In the interactive environment of the Web, you can only guarantee that a request is sent from a user’s browser, but you can’t guarantee that the request itself is voluntarily made by the user. This is where it is possible to construct cross-site request forgery (CSRF), which exploits the site’s trust in the browser. Strictly speaking, the browser does not reject all cross-domain requests; it rejects cross-domain reads. The browser’s same policy works like this:
- Browsers allow cross-origin writes, such as links and redirects
- Browsers allow cross-origin embedding of resources, such as IMG and script tags
- Browsers do not allow cross-origin reads
Q: Why do browsers limit only reads, not writes
A: If you can’t even send A request, then you can’t share resources with each other at the source. By blocking the results of a browser request, it is already possible to prevent a rogue web site from proceeding to the next step based on the result of the request. The same origin policy can be bypassed by CSRF attacks.
Q: What is cross-domain
A: Non-same-origin requests are cross-domain requests.
Q: Why cross-domain requirements
A: After the servitization of the project, services with different responsibilities are scattered in different projects. The domain names of these projects are often different. However, A requirement may correspond to multiple services, so interfaces of different services need to be invoked.

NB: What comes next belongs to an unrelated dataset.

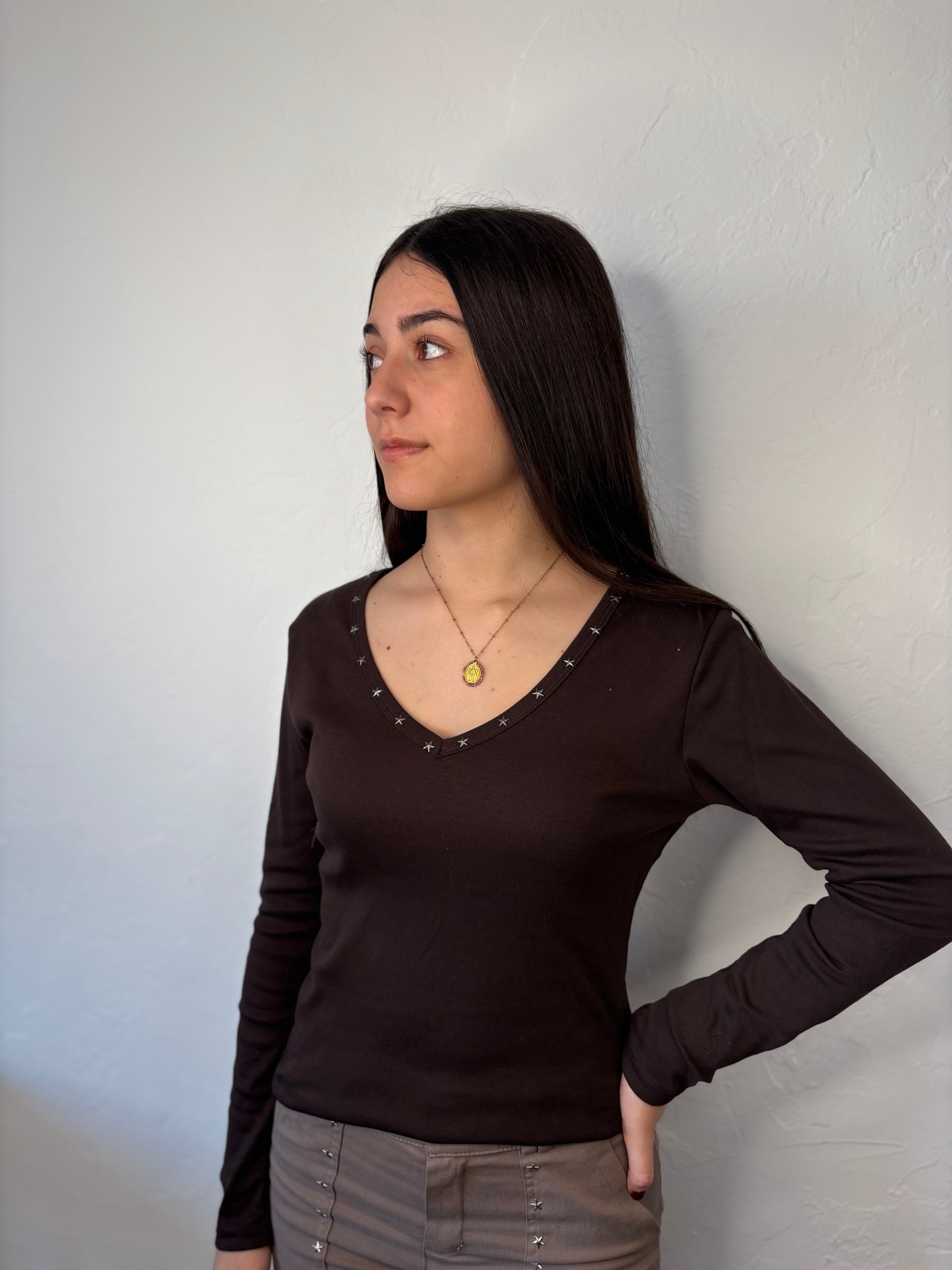 Camiseta con cuello de pico y tachuelas de estrella.

Cross-site Request Forgery (CSRF)
With the same origin policy, cross-domain Ajax requests do not carry cookies, but script/iframe/img tags are cross-domain supported. So cookies are included in the request.
A chestnut
The primary purpose of CSRF attacks is to allow users to unwittingly attack a system they are logged into, similar to phishing.
- The user has logged in to the mailbox or BBS, such as A.com, and the cookie already has a token.
- Users open sites already controlled by intruders, such as B.com, which we’ll call phishing sites.
- Build an iframe on B.com whose source is A.com. When loaded, iframe will perform some operations on A.com.
- Since your browser is in login state, session login cookie information is the same as normal requests. It makes full use of the current login state to let users help you post or do other things without their knowledge.
Chestnut 2
Let’s say someone adds an img tag to an online router configuration tutorial page:
The IP address is the configuration address of most routers. Although the picture is not shown, the request does go out. This request can add a VPN proxy to the router, pointing to the proxy server of the intruder. If the router’s authentication is also in the cookie, then the VPN request might be successful.
The same-origin policy
Source indicates that two pages have the same protocol, port, and host. Therefore, the two pages belong to the same origin.
The same origin policy restricts how documents or scripts loaded from the same source can interact with resources from another source. This is an important security mechanism for isolating potentially malicious files.
Cross domain access
How do you implement cross-domain?
The iframe cross-domain
This focuses on the second limitation of browsers.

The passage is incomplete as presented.